* _EXERCISE OBJECTIVE_
Begin at the line below that has "A family band". Stop after the line that has "Adjustable Shoulder Strap", repeating each line exactly and leaving out the pictures.

* _TASK MATERIAL_
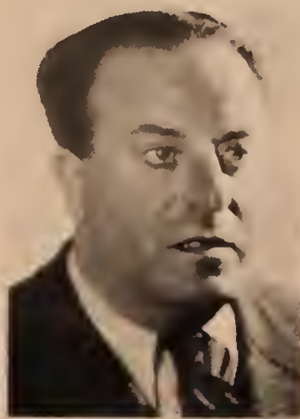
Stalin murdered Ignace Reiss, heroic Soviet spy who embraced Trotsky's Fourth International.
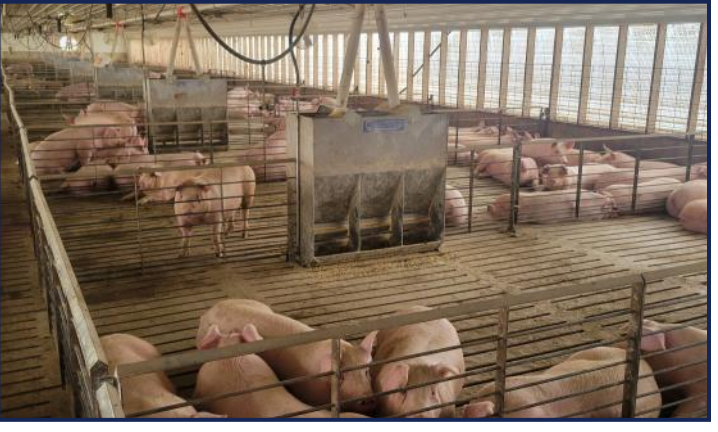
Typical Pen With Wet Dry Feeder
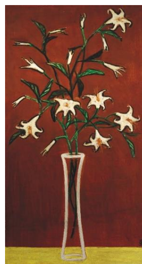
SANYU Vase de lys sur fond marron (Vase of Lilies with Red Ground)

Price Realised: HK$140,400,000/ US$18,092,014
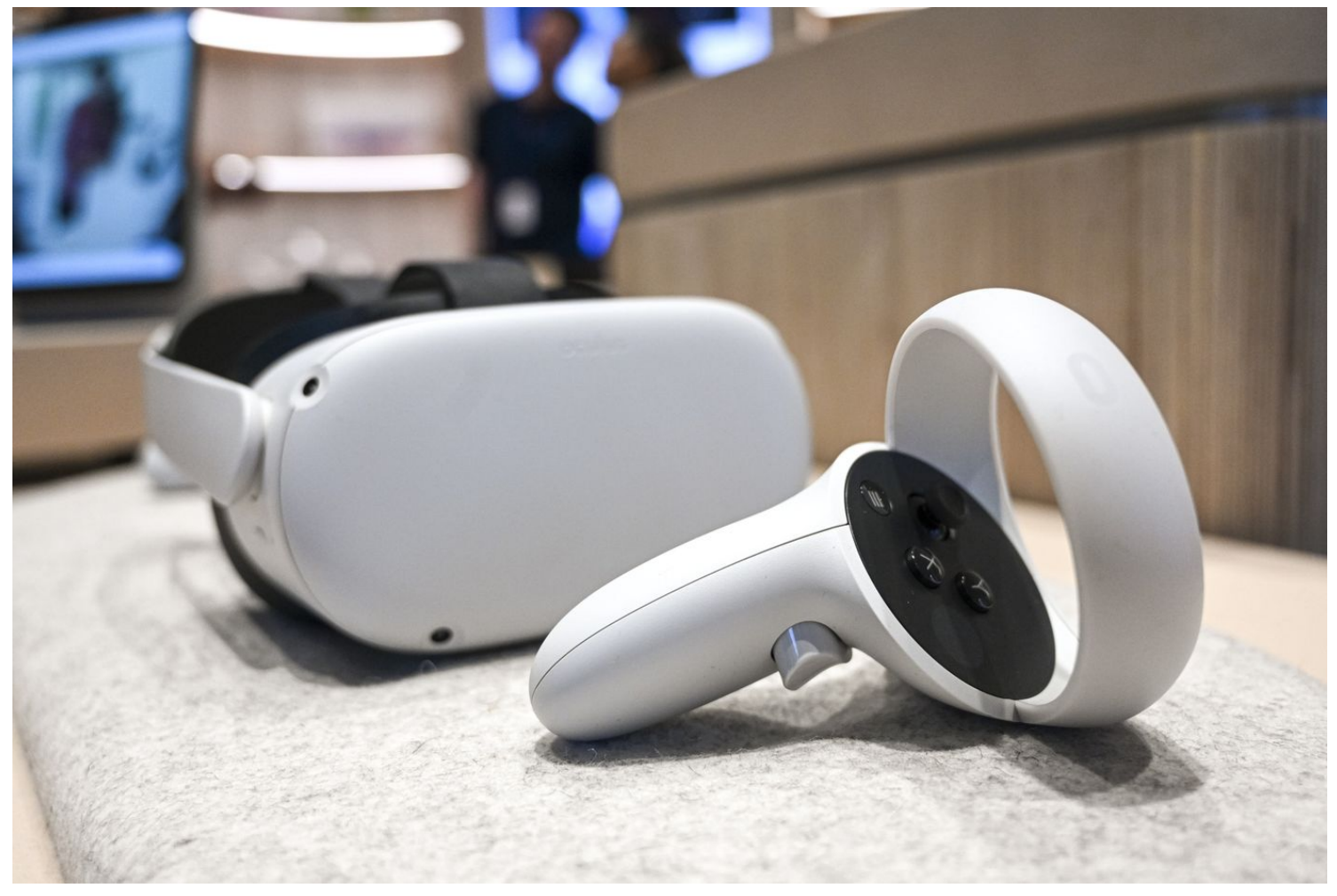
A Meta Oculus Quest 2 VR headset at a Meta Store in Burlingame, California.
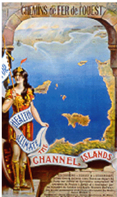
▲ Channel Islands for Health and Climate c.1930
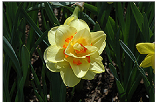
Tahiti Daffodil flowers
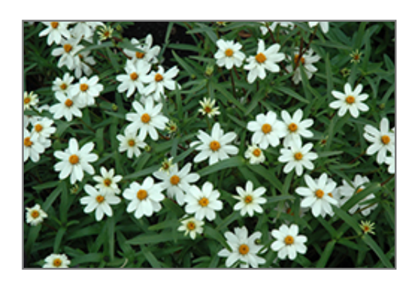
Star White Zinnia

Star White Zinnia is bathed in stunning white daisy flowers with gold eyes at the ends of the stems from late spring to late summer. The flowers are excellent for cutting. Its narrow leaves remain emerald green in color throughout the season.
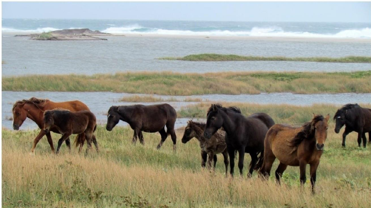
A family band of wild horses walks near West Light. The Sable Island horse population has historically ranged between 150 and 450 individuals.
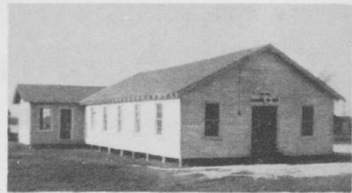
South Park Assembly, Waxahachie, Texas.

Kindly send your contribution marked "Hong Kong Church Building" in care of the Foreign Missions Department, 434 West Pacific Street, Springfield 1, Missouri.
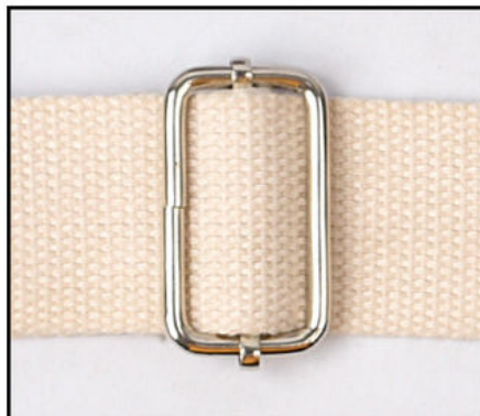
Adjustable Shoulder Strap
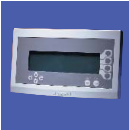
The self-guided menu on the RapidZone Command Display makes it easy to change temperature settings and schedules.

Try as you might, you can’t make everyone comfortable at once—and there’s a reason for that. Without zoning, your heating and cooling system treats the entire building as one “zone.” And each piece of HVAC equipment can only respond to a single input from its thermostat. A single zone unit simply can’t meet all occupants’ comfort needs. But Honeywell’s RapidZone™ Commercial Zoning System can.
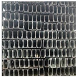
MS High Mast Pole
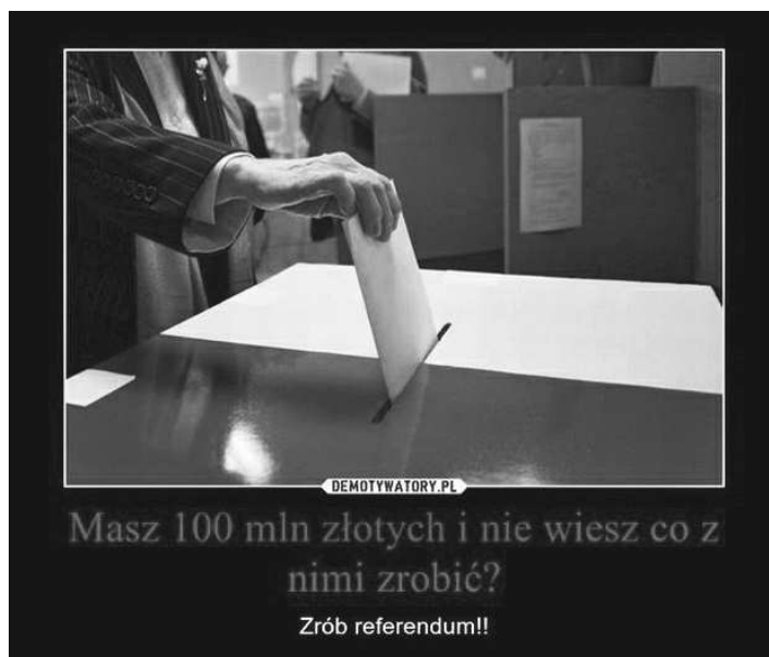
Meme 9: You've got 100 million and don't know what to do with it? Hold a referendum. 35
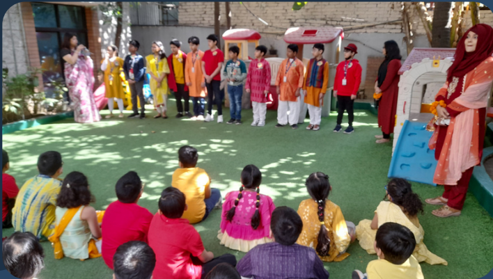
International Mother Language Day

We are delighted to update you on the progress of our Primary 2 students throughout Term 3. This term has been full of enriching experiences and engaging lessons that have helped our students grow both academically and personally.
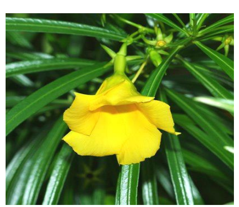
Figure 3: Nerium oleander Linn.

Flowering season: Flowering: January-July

* _RESPONSE AREA_
A family band of wild horses walks near West Light. The Sable Island horse population has historically ranged between 150 and 450 individuals.
South Park Assembly, Waxahachie, Texas.

Kindly send your contribution marked "Hong Kong Church Building" in care of the Foreign Missions Department, 434 West Pacific Street, Springfield 1, Missouri.
Adjustable Shoulder Strap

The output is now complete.